### Required action
Every line below from the one containing "タオル会社から預かったタオルを決められた大きさにたたみます。" through the one containing "Έκρηξη κοντά στην" must be transcribed exactly. Omit all lines outside that stretch.

### Data to examine
======
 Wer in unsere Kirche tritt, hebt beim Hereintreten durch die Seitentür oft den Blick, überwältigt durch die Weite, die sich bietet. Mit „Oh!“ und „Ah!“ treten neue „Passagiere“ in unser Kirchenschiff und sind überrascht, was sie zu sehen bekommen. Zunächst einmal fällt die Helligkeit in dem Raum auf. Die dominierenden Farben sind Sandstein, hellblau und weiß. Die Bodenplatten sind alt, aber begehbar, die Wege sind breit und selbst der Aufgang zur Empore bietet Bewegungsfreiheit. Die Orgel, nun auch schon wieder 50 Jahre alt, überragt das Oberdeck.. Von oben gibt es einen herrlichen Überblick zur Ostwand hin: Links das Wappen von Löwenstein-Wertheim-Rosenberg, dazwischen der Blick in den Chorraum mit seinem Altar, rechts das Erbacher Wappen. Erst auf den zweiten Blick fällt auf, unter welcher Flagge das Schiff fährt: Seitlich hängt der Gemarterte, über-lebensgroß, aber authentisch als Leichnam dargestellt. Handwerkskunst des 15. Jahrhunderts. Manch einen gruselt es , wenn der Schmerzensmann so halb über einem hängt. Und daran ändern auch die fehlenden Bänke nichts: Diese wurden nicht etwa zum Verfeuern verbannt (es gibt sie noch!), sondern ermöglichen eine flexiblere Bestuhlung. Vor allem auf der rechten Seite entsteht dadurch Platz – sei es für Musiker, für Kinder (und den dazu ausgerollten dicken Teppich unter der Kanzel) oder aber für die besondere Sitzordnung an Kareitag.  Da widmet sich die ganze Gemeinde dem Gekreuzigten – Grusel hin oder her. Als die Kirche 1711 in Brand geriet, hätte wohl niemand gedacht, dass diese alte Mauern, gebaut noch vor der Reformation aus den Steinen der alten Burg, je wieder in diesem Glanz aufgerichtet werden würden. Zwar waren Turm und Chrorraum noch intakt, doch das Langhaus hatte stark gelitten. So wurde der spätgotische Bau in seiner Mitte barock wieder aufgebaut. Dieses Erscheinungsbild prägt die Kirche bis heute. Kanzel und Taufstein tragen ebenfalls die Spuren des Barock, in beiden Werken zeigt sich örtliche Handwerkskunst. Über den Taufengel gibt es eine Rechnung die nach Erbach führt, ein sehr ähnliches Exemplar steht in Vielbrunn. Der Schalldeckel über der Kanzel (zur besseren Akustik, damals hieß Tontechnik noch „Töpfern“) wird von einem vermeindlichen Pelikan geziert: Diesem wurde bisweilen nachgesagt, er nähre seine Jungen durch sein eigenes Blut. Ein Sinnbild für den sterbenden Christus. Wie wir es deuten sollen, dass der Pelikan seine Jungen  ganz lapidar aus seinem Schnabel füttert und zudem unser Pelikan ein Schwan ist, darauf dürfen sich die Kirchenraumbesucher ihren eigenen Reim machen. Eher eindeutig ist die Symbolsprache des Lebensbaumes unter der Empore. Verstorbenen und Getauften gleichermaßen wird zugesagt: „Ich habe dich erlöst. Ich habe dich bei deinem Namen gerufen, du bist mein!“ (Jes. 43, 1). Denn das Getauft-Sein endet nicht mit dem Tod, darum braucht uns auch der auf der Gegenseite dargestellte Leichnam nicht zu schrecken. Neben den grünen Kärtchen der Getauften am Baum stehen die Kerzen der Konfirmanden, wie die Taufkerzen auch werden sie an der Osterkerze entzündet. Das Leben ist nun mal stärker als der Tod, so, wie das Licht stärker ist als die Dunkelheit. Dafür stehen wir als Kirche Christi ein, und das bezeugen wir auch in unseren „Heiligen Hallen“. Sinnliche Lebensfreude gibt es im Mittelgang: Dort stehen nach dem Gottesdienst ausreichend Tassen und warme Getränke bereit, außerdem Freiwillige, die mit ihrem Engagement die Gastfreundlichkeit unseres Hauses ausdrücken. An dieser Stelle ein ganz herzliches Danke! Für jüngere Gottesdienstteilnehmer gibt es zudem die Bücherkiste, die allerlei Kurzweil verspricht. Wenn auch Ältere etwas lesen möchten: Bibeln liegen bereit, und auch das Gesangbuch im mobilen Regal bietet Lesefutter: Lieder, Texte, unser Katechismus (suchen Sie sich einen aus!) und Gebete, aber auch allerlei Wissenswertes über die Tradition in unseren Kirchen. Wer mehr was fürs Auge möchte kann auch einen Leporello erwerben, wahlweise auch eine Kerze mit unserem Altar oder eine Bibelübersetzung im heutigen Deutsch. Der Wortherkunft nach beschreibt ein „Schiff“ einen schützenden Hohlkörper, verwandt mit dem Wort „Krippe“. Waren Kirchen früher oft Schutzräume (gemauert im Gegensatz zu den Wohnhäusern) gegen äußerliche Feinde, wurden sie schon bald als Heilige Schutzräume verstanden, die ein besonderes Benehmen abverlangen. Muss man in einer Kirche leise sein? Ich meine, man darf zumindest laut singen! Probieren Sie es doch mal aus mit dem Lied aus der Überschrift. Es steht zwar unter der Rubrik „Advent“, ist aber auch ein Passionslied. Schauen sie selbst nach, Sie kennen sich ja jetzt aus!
======
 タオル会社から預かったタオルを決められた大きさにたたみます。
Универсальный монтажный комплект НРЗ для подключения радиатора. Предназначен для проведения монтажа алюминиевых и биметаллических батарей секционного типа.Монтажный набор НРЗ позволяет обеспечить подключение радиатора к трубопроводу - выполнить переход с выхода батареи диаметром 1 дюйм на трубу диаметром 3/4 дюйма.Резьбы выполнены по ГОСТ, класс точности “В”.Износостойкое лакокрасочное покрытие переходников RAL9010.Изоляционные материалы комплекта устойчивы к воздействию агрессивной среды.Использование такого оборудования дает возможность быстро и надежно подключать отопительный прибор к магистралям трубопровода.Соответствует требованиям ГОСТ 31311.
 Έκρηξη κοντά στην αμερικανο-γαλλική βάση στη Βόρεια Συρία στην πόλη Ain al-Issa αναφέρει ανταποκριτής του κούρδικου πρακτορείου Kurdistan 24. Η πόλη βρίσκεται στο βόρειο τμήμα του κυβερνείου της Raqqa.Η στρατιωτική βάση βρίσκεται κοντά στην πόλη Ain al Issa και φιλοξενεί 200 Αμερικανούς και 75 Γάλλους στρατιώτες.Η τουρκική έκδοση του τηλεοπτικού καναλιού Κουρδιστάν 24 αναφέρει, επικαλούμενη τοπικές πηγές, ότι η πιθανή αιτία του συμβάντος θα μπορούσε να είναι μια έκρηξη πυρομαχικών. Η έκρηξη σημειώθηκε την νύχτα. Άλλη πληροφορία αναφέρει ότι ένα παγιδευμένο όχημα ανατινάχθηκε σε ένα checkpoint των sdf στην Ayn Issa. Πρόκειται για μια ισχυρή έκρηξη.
======
### Expected output
 タオル会社から預かったタオルを決められた大きさにたたみます。
Универсальный монтажный комплект НРЗ для подключения радиатора. Предназначен для проведения монтажа алюминиевых и биметаллических батарей секционного типа.Монтажный набор НРЗ позволяет обеспечить подключение радиатора к трубопроводу - выполнить переход с выхода батареи диаметром 1 дюйм на трубу диаметром 3/4 дюйма.Резьбы выполнены по ГОСТ, класс точности “В”.Износостойкое лакокрасочное покрытие переходников RAL9010.Изоляционные материалы комплекта устойчивы к воздействию агрессивной среды.Использование такого оборудования дает возможность быстро и надежно подключать отопительный прибор к магистралям трубопровода.Соответствует требованиям ГОСТ 31311.
 Έκρηξη κοντά στην αμερικανο-γαλλική βάση στη Βόρεια Συρία στην πόλη Ain al-Issa αναφέρει ανταποκριτής του κούρδικου πρακτορείου Kurdistan 24. Η πόλη βρίσκεται στο βόρειο τμήμα του κυβερνείου της Raqqa.Η στρατιωτική βάση βρίσκεται κοντά στην πόλη Ain al Issa και φιλοξενεί 200 Αμερικανούς και 75 Γάλλους στρατιώτες.Η τουρκική έκδοση του τηλεοπτικού καναλιού Κουρδιστάν 24 αναφέρει, επικαλούμενη τοπικές πηγές, ότι η πιθανή αιτία του συμβάντος θα μπορούσε να είναι μια έκρηξη πυρομαχικών. Η έκρηξη σημειώθηκε την νύχτα. Άλλη πληροφορία αναφέρει ότι ένα παγιδευμένο όχημα ανατινάχθηκε σε ένα checkpoint των sdf στην Ayn Issa. Πρόκειται για μια ισχυρή έκρηξη.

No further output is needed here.